— EXERCISE PROMPT —
From the line holding "1、是一款以海边风情为主题的" through the line holding "large victorian pine" below, write out every line exactly; include both of those lines and drop the pictures.

— SUPPLIED RECORDS —

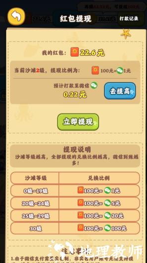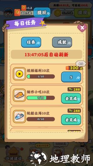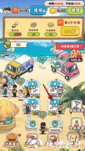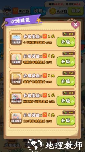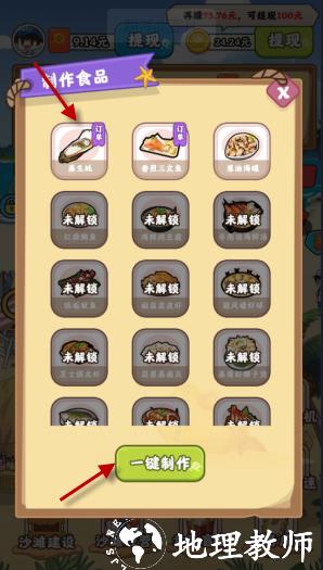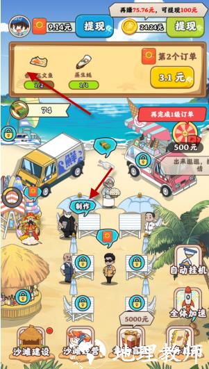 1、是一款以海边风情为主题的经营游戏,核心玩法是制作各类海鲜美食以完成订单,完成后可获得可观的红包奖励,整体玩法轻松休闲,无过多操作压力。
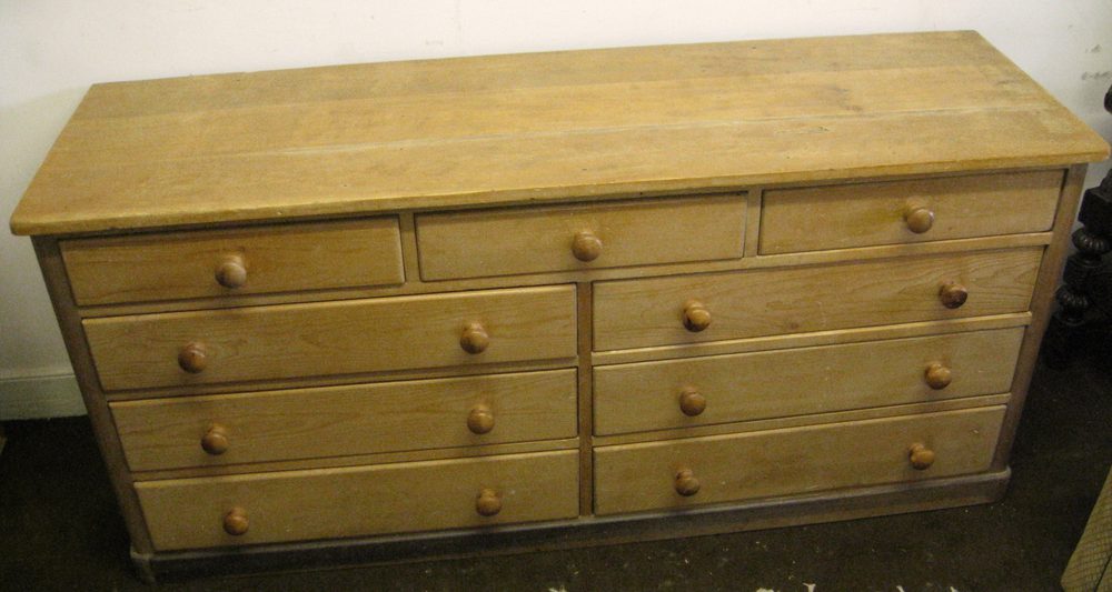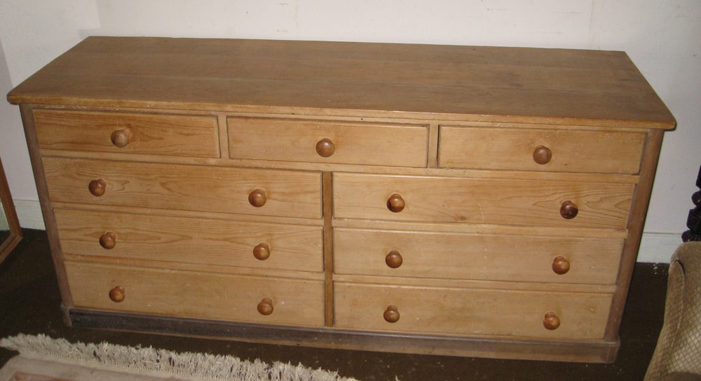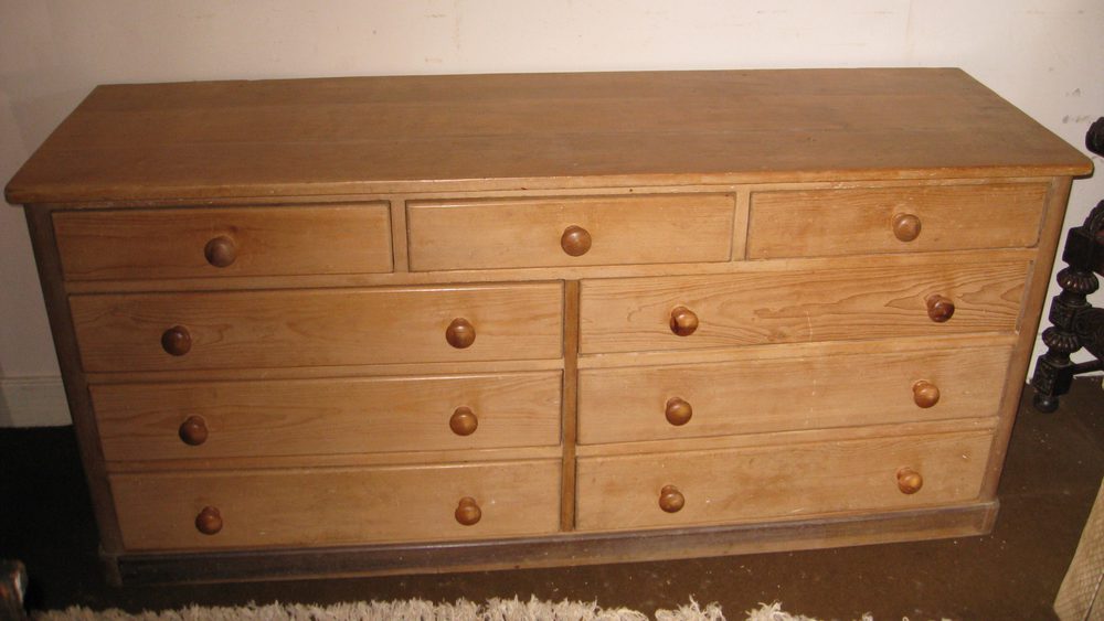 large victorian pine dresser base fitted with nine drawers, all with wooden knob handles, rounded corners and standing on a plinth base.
---
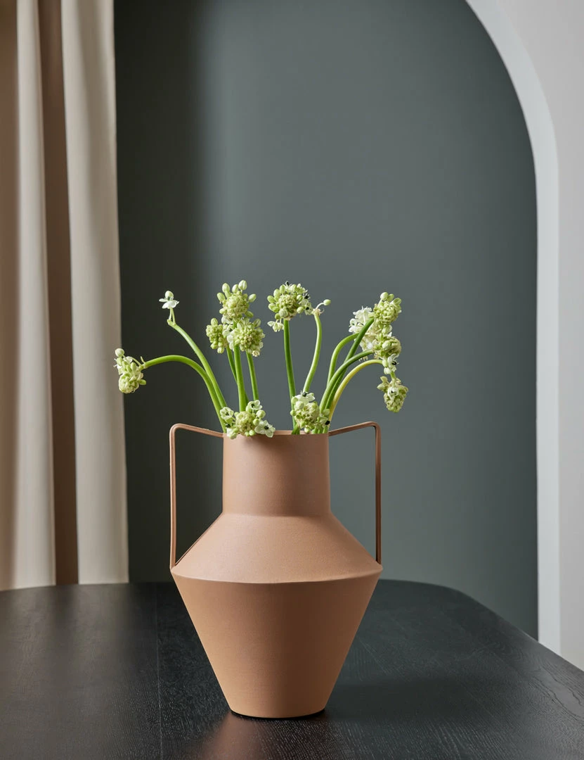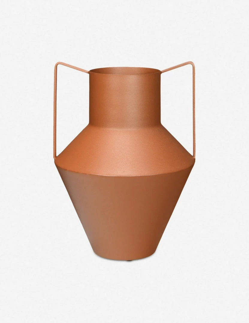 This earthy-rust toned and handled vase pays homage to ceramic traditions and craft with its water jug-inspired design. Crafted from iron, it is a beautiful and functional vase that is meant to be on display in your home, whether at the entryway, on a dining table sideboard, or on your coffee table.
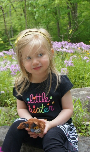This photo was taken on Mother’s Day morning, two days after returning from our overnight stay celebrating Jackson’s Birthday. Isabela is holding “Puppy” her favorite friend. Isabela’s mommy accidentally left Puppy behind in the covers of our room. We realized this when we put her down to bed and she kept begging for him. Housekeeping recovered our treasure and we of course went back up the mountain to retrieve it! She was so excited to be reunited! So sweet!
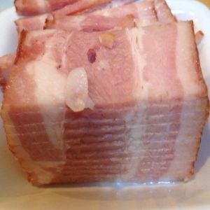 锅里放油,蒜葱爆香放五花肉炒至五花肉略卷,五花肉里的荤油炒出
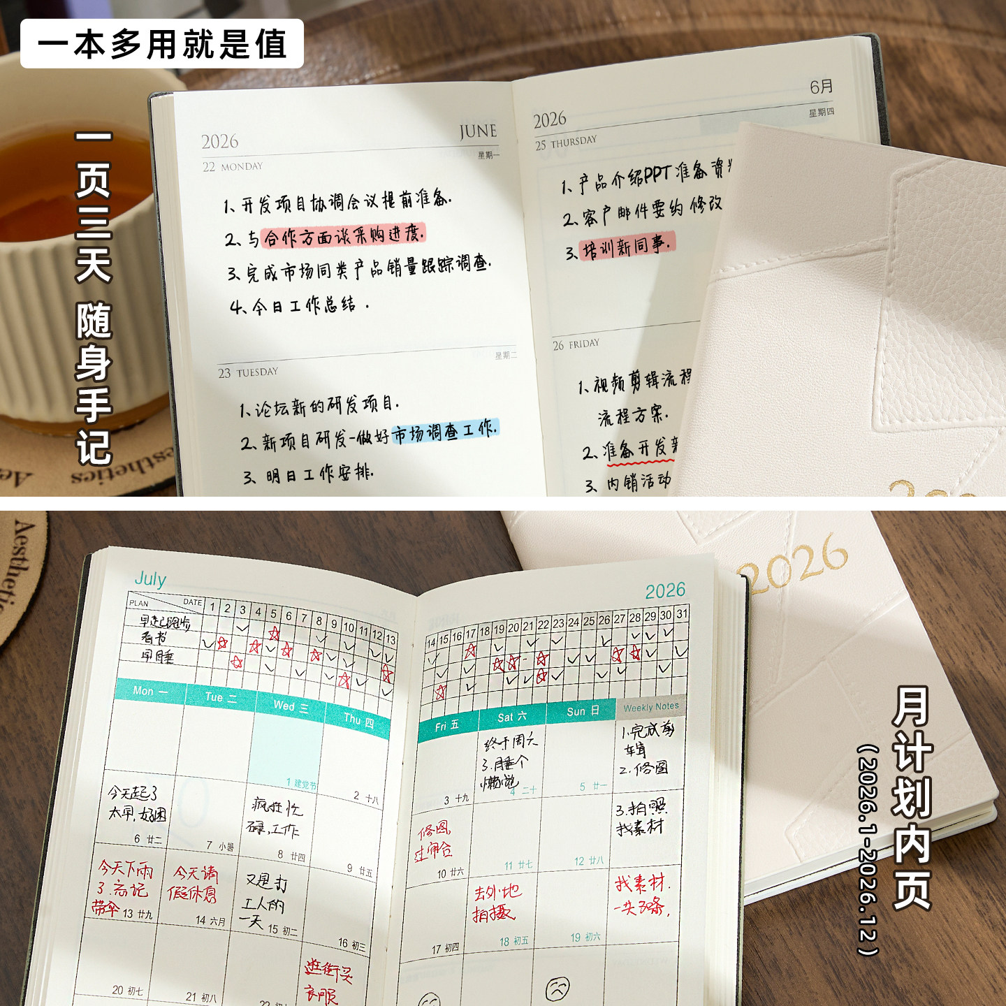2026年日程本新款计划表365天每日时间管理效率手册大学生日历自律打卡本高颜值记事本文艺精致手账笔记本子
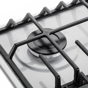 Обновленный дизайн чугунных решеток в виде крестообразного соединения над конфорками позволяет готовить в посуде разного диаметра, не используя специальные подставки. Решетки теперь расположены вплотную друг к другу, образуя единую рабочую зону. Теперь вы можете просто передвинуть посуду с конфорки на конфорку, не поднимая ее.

— RESULT OF THE TASK —
 1、是一款以海边风情为主题的经营游戏,核心玩法是制作各类海鲜美食以完成订单,完成后可获得可观的红包奖励,整体玩法轻松休闲,无过多操作压力。
 large victorian pine dresser base fitted with nine drawers, all with wooden knob handles, rounded corners and standing on a plinth base.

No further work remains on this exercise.